DIRECTIONS FOR THIS TASK
Using the data that follows, give again word for word the lines between the one holding "Cuadro 3 a 8" and the one holding "Aatman Gold Plated", inclusive. Omit the pictures.

DATA SUPPLIED
-- Opening Marker --
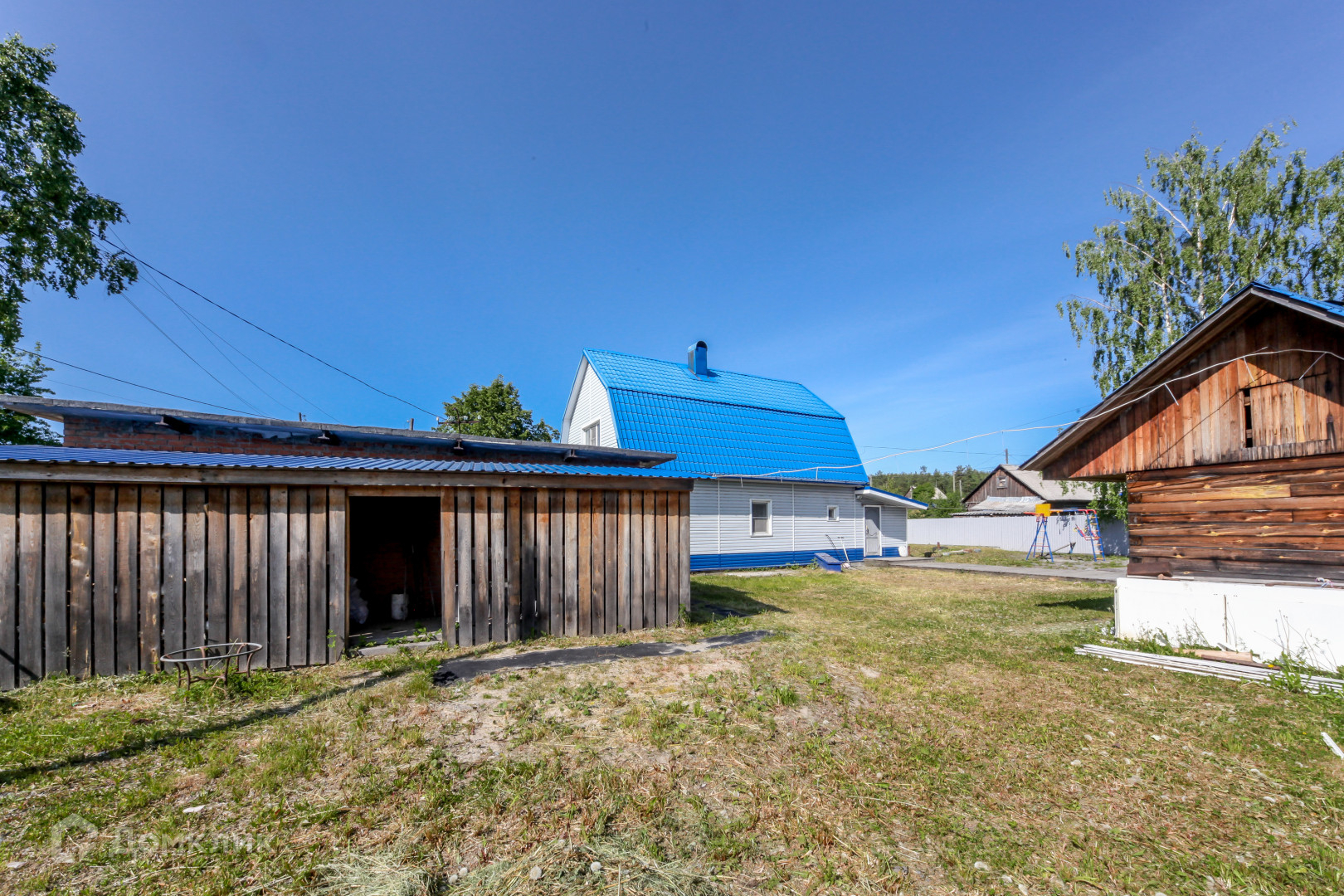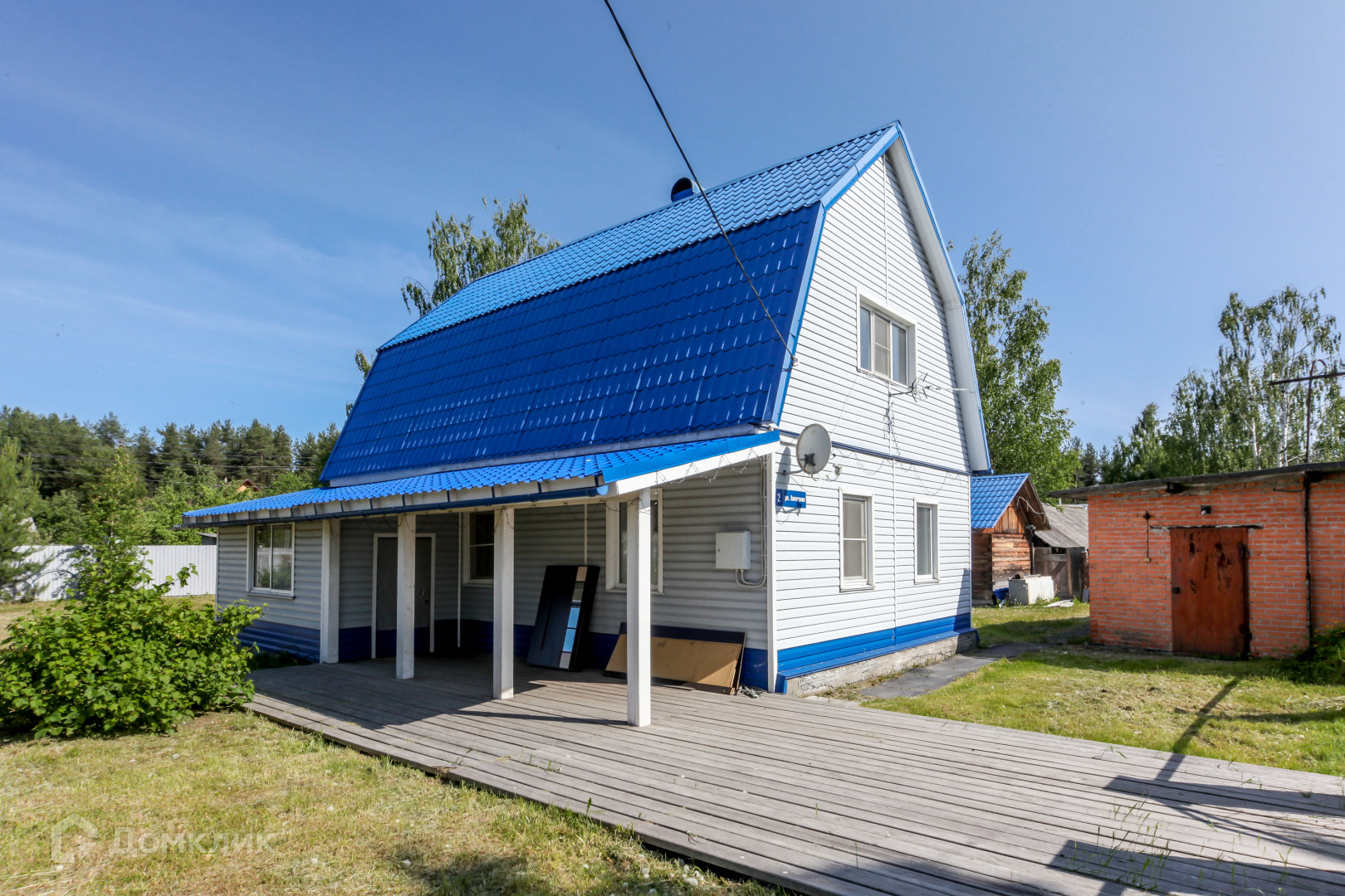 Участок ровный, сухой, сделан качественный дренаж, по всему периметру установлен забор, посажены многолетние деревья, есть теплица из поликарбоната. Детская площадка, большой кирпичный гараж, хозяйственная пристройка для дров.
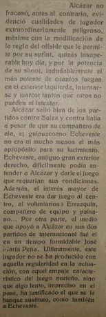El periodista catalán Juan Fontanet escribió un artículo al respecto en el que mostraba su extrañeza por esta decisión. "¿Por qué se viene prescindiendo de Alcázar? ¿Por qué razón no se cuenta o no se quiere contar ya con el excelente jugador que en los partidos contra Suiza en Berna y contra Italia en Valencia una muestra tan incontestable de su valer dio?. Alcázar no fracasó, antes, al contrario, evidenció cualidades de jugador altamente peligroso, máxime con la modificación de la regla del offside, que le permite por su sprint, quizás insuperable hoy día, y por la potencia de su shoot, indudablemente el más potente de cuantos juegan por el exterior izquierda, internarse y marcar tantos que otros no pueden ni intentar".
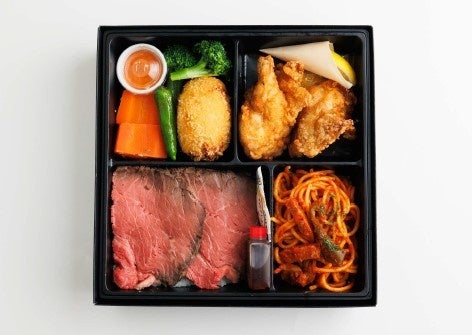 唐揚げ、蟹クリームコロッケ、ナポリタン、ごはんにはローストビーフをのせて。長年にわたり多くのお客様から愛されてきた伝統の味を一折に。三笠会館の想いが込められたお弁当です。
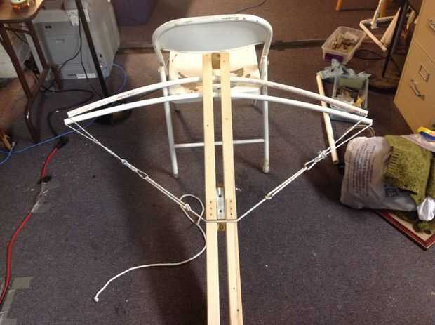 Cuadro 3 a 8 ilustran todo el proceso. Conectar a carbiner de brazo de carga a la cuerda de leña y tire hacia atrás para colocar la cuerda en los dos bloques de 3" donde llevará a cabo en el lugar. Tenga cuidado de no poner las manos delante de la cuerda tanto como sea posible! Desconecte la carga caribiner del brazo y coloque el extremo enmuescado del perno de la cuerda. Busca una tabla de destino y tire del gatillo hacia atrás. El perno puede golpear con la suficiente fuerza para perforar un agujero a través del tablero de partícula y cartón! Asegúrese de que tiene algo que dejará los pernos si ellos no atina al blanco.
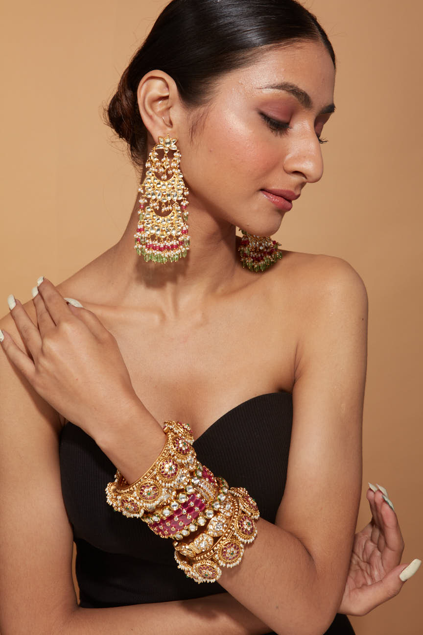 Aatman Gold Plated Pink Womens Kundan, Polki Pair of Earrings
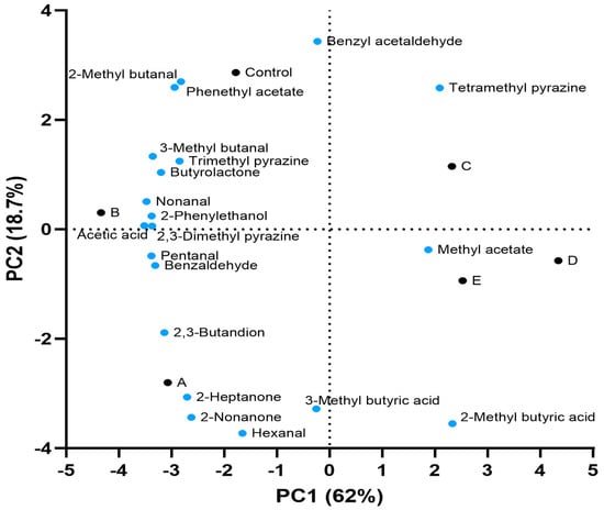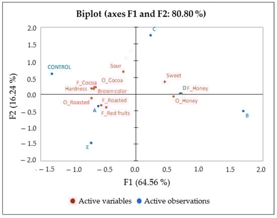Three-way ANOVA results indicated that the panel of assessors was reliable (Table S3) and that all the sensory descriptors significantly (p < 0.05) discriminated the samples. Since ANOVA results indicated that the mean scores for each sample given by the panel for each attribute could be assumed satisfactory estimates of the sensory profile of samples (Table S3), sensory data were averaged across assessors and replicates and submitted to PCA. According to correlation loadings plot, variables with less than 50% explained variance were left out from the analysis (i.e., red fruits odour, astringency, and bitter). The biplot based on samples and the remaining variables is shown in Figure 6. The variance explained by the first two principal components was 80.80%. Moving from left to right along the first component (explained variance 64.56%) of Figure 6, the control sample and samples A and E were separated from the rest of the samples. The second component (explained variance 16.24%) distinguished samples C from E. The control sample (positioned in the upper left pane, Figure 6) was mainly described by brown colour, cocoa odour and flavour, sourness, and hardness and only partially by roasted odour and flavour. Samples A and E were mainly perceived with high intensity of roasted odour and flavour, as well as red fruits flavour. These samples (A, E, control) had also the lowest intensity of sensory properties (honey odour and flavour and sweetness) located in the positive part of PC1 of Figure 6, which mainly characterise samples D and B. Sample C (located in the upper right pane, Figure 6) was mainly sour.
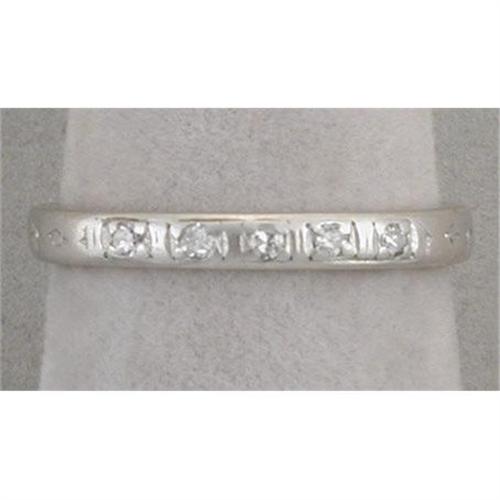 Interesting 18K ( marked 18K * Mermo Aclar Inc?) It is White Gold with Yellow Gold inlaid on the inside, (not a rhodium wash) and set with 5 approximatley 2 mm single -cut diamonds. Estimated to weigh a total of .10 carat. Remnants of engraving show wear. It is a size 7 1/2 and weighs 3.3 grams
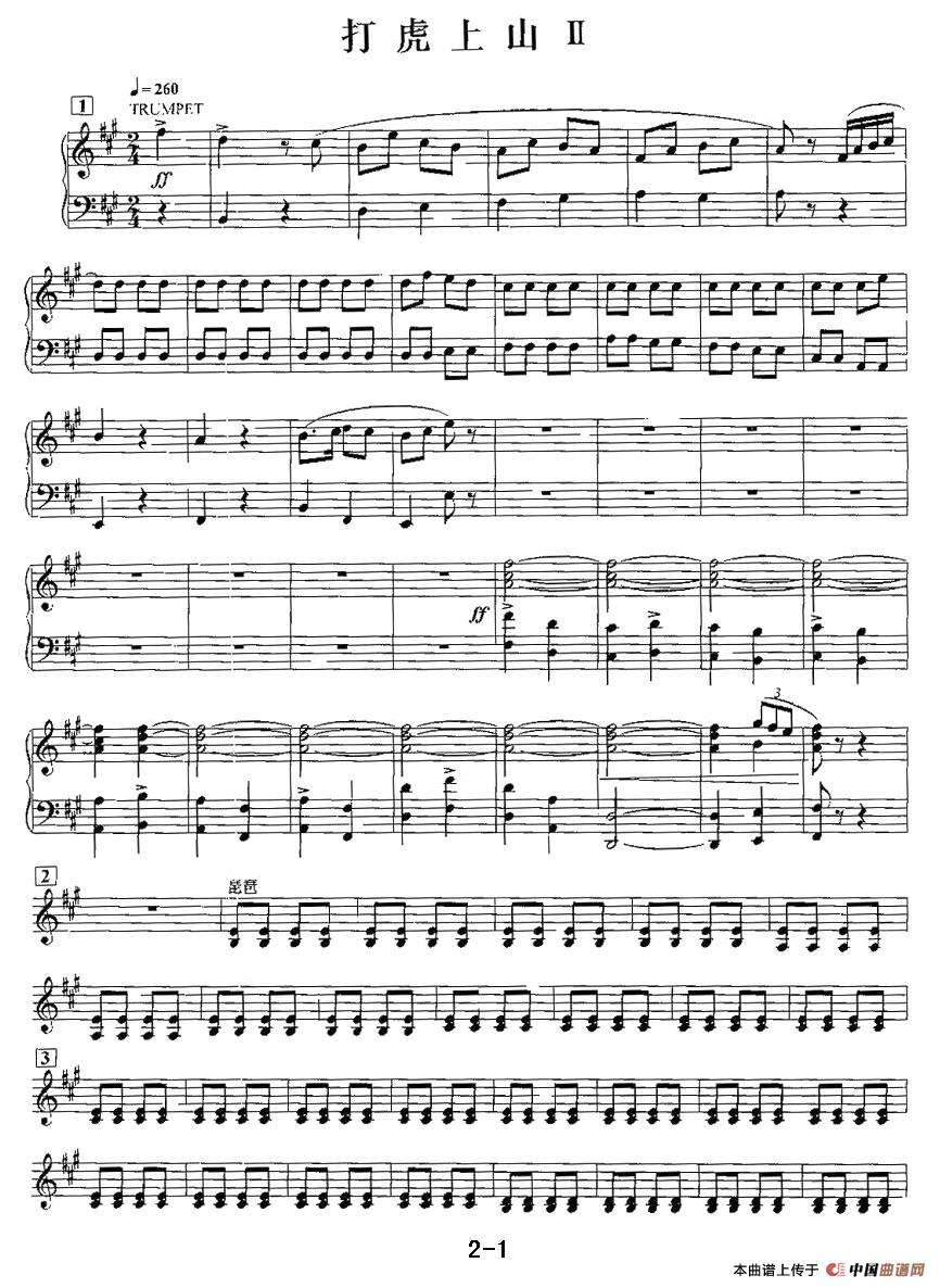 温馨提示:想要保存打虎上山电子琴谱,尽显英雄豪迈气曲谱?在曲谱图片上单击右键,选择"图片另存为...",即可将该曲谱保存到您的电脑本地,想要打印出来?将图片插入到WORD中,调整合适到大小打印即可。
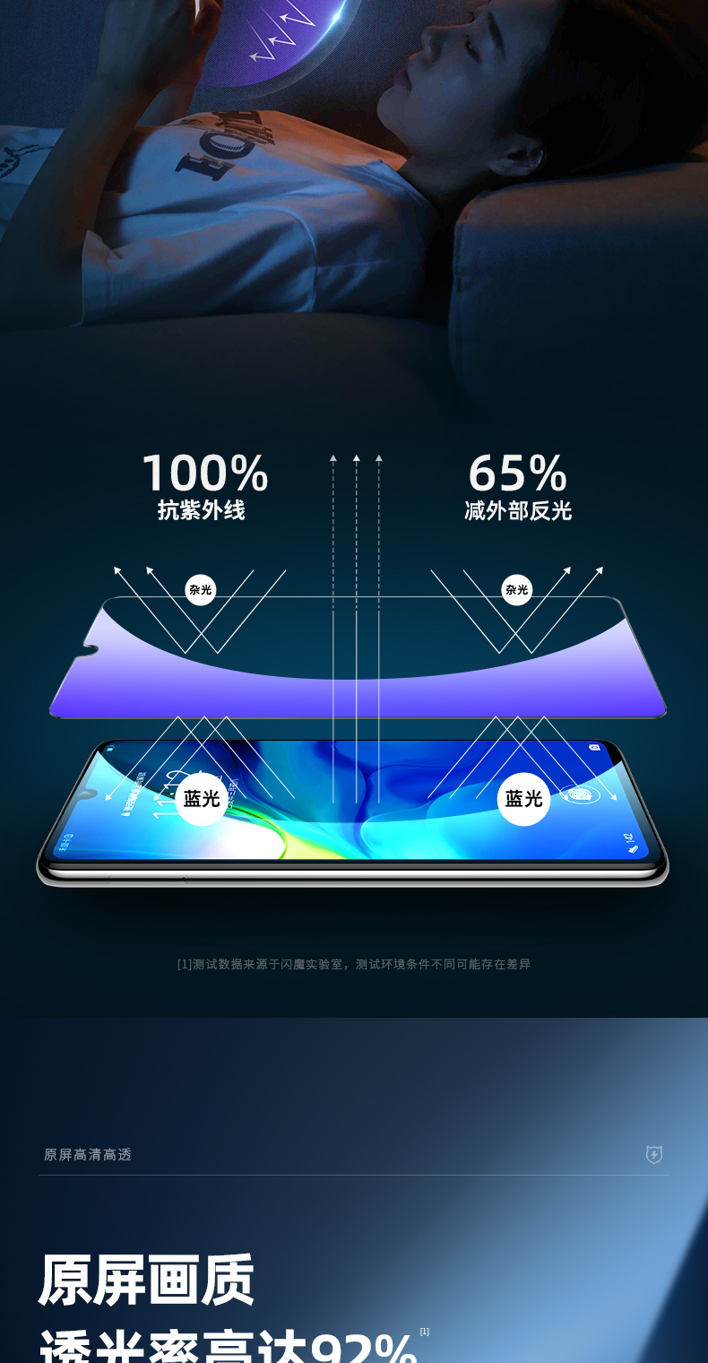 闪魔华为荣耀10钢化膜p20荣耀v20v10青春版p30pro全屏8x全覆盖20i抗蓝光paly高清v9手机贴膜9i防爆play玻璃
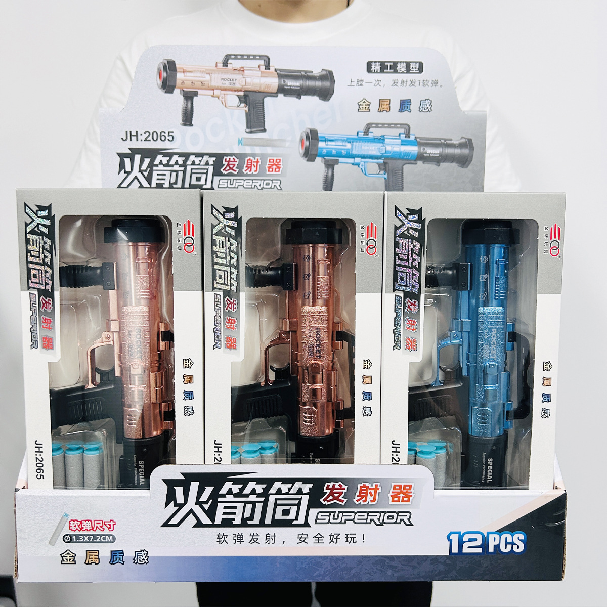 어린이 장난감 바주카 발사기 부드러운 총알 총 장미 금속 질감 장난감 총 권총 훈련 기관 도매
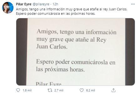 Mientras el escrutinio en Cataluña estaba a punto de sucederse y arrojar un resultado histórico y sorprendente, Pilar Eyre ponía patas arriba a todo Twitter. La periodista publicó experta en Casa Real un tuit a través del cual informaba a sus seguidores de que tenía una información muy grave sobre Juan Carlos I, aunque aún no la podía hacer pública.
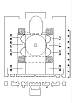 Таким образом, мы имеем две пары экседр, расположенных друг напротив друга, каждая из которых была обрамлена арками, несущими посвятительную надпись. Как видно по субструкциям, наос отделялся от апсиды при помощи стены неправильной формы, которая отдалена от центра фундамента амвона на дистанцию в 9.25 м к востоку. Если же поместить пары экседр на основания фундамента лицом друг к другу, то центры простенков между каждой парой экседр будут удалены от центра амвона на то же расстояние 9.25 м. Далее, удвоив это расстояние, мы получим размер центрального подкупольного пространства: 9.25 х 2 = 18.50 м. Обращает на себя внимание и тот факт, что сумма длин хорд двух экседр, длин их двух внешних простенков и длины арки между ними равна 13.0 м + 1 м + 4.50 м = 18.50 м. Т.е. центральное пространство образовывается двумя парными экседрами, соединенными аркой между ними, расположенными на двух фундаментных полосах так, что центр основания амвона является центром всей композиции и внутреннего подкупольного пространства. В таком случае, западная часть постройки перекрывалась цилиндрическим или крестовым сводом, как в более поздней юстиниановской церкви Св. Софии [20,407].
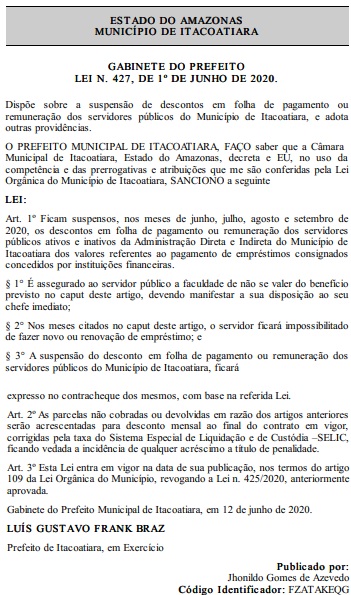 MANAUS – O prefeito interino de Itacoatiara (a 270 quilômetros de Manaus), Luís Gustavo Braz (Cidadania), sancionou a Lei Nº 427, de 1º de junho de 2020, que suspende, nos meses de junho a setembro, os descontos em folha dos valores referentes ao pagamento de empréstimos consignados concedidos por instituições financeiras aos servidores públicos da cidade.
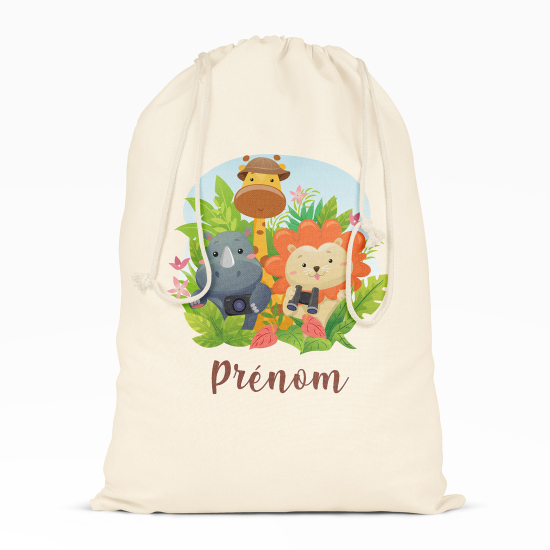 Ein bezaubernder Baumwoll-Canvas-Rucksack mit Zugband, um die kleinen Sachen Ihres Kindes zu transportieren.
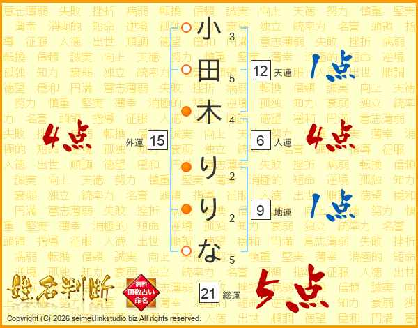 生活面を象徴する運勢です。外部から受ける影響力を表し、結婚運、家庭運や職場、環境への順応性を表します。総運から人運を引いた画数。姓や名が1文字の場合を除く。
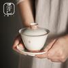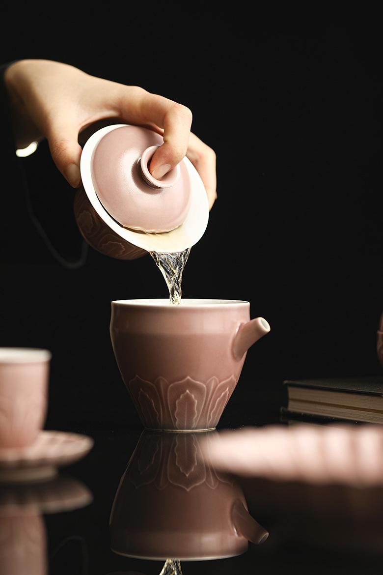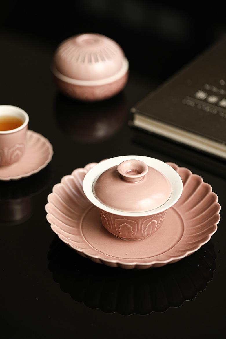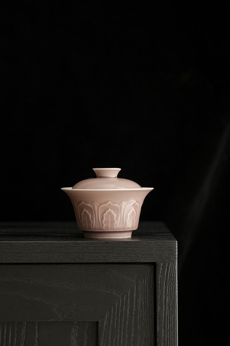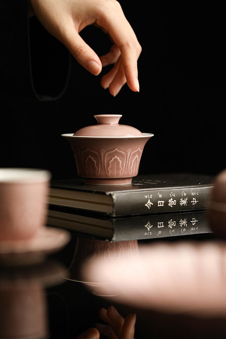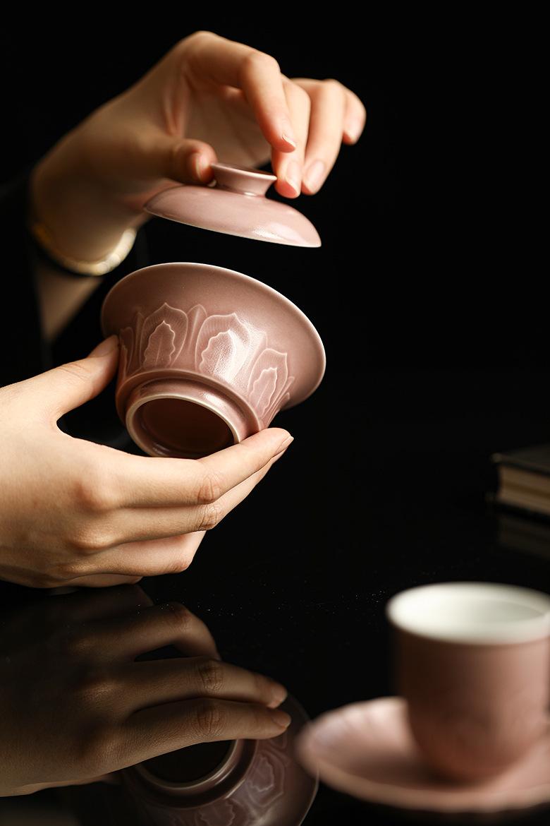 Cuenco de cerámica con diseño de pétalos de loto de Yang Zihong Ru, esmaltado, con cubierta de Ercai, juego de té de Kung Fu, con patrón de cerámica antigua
-- Closing Marker --
SOLUTION FOR THIS PROBLEM
 Cuadro 3 a 8 ilustran todo el proceso. Conectar a carbiner de brazo de carga a la cuerda de leña y tire hacia atrás para colocar la cuerda en los dos bloques de 3" donde llevará a cabo en el lugar. Tenga cuidado de no poner las manos delante de la cuerda tanto como sea posible! Desconecte la carga caribiner del brazo y coloque el extremo enmuescado del perno de la cuerda. Busca una tabla de destino y tire del gatillo hacia atrás. El perno puede golpear con la suficiente fuerza para perforar un agujero a través del tablero de partícula y cartón! Asegúrese de que tiene algo que dejará los pernos si ellos no atina al blanco.
 Aatman Gold Plated Pink Womens Kundan, Polki Pair of Earrings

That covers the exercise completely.